Not necessarily. I mean for an extensible "real world" web app I
agree, I'd much rather develop these kinds of things with the separate
pertinent and effective tools available instead of having to work
backwards through stock controllers and templates generated - but at
our organization there are a lot of internal mini-projects where
simple database tables just need a web interface that has a small bit
of data validation and an inherent understanding of the parent/child
relationships. This is a bit outside of the scope of most database
guis, not to mention we wouldn't actually want to give them that
degree of access anyway.

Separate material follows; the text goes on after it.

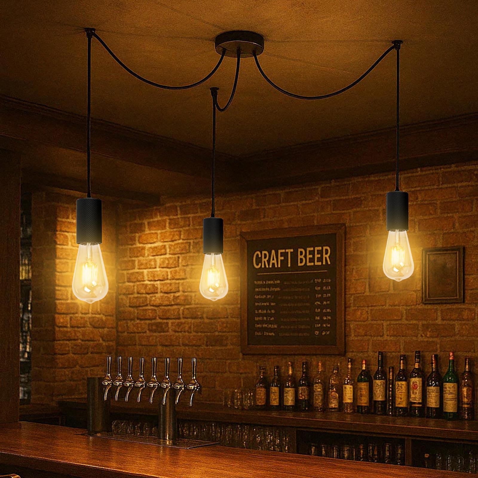 Porta un tocco di stile industriale e contemporaneo nei tuoi ambienti interni con questo elegante lampadario a sospensione con 3 attacchi E27. La struttura minimalista con base centrale rotonda e cavi lunghi regolabili consente di creare configurazioni personalizzate, ideali per illuminare tavoli da pranzo, isole cucina, soggiorni, ideale anche per l'illuminazione di pub, bar, pizzerie, taverne.

And this is why so many on my team are all
about Django.
Having this capability might do well to entice more novice developers
to Catalyst due to this next step in ease of use and getting a quick
app running... It seemed to do well for the Rails camp. Hopefully
from there people would then pick through and start pieceing together
for themselves how the underpinnings work, but that's up to them.
Thanks for the tips Will, I'll check out HTML::Widget and DBIx::Class::WebForm.
-Marcus
2006/11/8, Wade.Stuart at fallon.com <Wade.Stuart at fallon.com>:
>
> Ian Docherty <ian at iandocherty.com> wrote on 11/08/2006 12:35:04 PM:
>
> > marcus baker wrote:
> > > In a primarily Perl shop I've joined, Django has become all the rage.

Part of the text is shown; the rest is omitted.